Destructive mineral extractive industries continue to encroach on indigenous peoples’ traditional territories. Unconventional oil and extreme energy development, with the real-life effects of climate chaos, are directly affecting the wellbeing of indigenous peoples from the North to the Global South.
Indigenous peoples can contribute substantially to sustainable development, but they believe that a holistic framework for sustainable development should be promoted.
With the knowledge that development that violates human rights is by definition unsustainable, Rio+20 must affirm a human rights-based approach to sustainable development.
Particularly, the U.N. Declaration on the Rights of Indigenous Peoples must serve as a key framework which underpins all international, national and sub-national policies and programs on sustainable development with regard to indigenous peoples.
Q: Recently, some non-governmental organisations (NGOs) expressed deep concern about the reversals on agreements made by governments in 1992 and say there’s no country taking leadership of or acting as a visionary role in the conference. Do you believe there is still hope for new, binding commitments?

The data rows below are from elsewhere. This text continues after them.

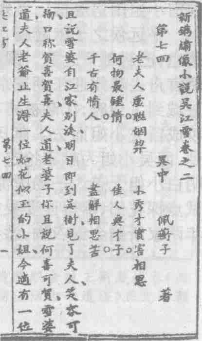 清代白话长篇才子佳人小说。四卷二十四回。题“吴中佩蘅子著”。或谓作者为顾石城,苏州人。成书于清康熙四年(1665)。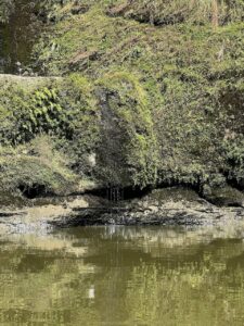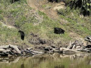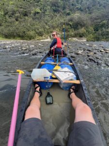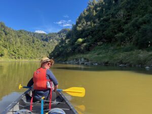 Wir erreichen Mangaio Rock, den Felsen vor dem wir gewarnt wurden und der unter allen Umständen auf der linken Seite zu passieren ist. Ich hatte bei der Einweisung die Bilder immer so gelesen, dass wir uns durch den sehr schmalen Kanal quetschen müssen, der zwischen Fels und Ufer liegt. Stellt sich raus, wir kommen aus der anderen Richtung und die linke Seite ist fast die komplette Breite des Flusses. Welcher Irre würde denn freiwillig rechts an dem Felsen vorbeipaddeln? Wir halten uns schön weit links –vielleicht etwas zu weit links. Unser Boot schrammt mit dem Boden über eine Steinbank, sodass wir fast steckenbleiben.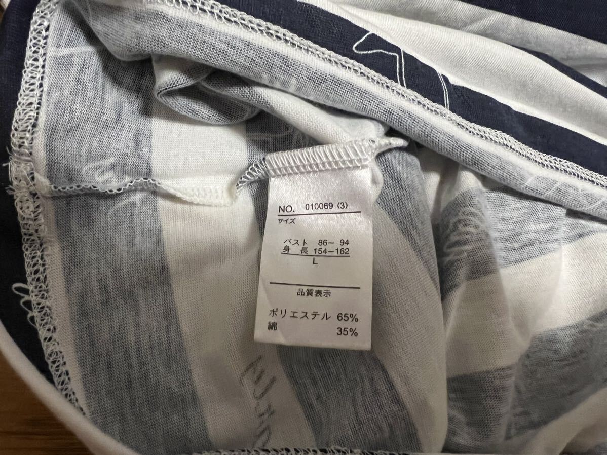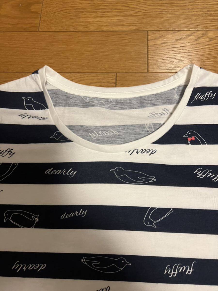 かわいいペンギン柄 ボーダー Tシャツ L スクロール レディース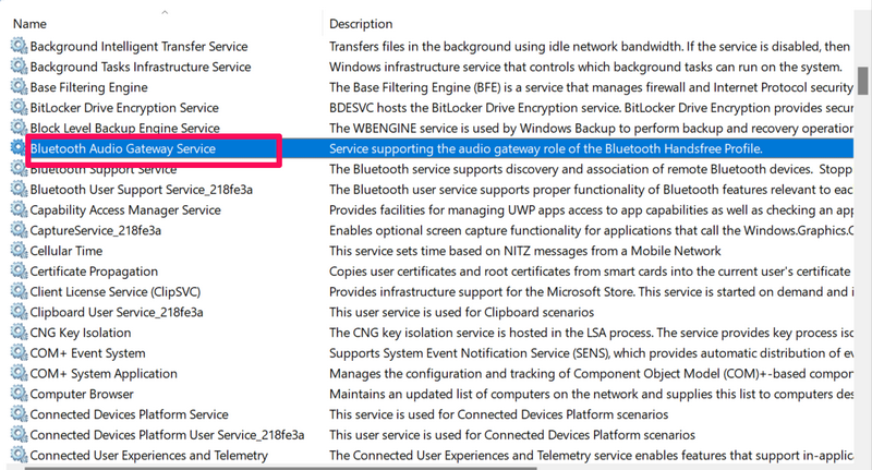 Jeśli aktualizacja i ponowna instalacja niezbędnych sterowników nie rozwiązała problemu niedziałających słuchawek Bluetooth na komputerze lub laptopie z systemem Windows 11, istnieje prawdopodobieństwo, że wystąpił problem z usługami Bluetooth na Twoim urządzeniu.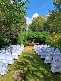 Der Hochzeitsplatz im Garten erfreut sich großer Beliebtheit.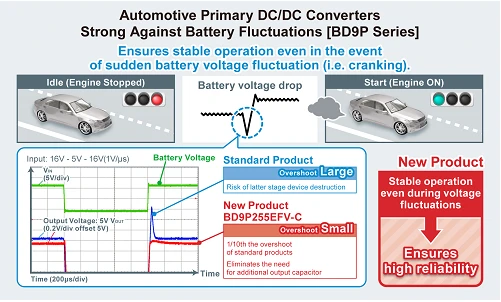 ROHM’s new products suppress voltage overshoot to less than 1/10th of that of conventional products when the input voltage drops below the output set voltage, keeping the output voltage to the specified voltage before fluctuation occurred. This allows users to eliminate additional capacitors typically required as a countermeasure for overshoot, ensuring stable operation even in the event of sudden battery voltage drop (i.e. cranking).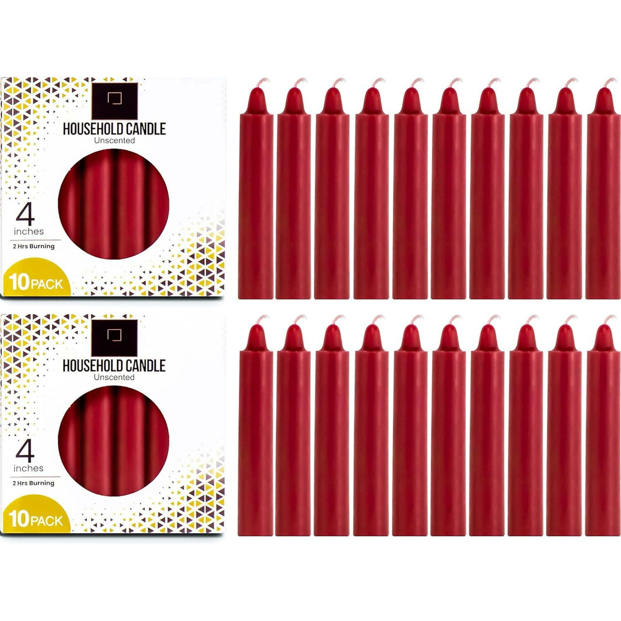 DecorRack 20 Pack Unscented Red Mini Taper Candles. 4 inch Tall w/ 0.5 inch Diameter. Ideal for Chime Casting, Spells, Rituals, Witchcraft, and Meditation. Premium Candles are made with 100% High Quality Paraffin Wax and Braided Cotton Wicks to Ensure Long Lasting Clean Burn. These Candles are Unscented so you can Enjoy your Peace and Tranquility without any Distractions. Can be used to Decorate your Spiritual Space, also Great for Prayer, Vigils, and Memorials.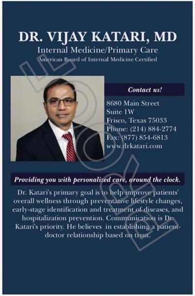 Dr. Vijay Katari, MD is a board-certified Internal Medicine and Primary Care physician dedicated to providing personalized healthcare in Frisco, Texas. With a strong focus on preventive lifestyle approaches, early disease detection, and effective long-term wellness planning, he builds trusted physician-patient relationships through communication, compassion, and continuous care. Dr. Katari strives to enhance overall patient health while helping reduce hospitalization through proactive medical management.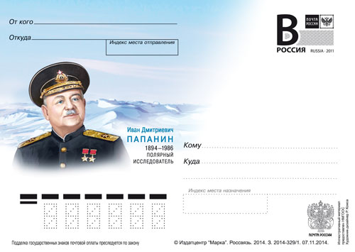 № 2014-329/1. И.Д. Папанин(1894-1986), полярный исследователь18.11.14, дизайнер – Комса Р.

A: Because of the climate chaos, financial instabilities and ecological devastation, the world doesn’t have an option to reverse the agreements made in 1992.
World leaders must remember the active participation of indigenous peoples in the Rio Earth Summit (UNCED 1992) and the parallel processes indigenous peoples organised, which resulted into the Kari- oca Indigenous Peoples’ Declaration.
Agenda 21 embraced the language of Kari-Oca that recognised the vital role of indigenous peoples in sustainable development and identified Indigenous Peoples as a Major Group. Rio+20 must reaffirm the commitments made by UNCED to indigenous peoples in 1992.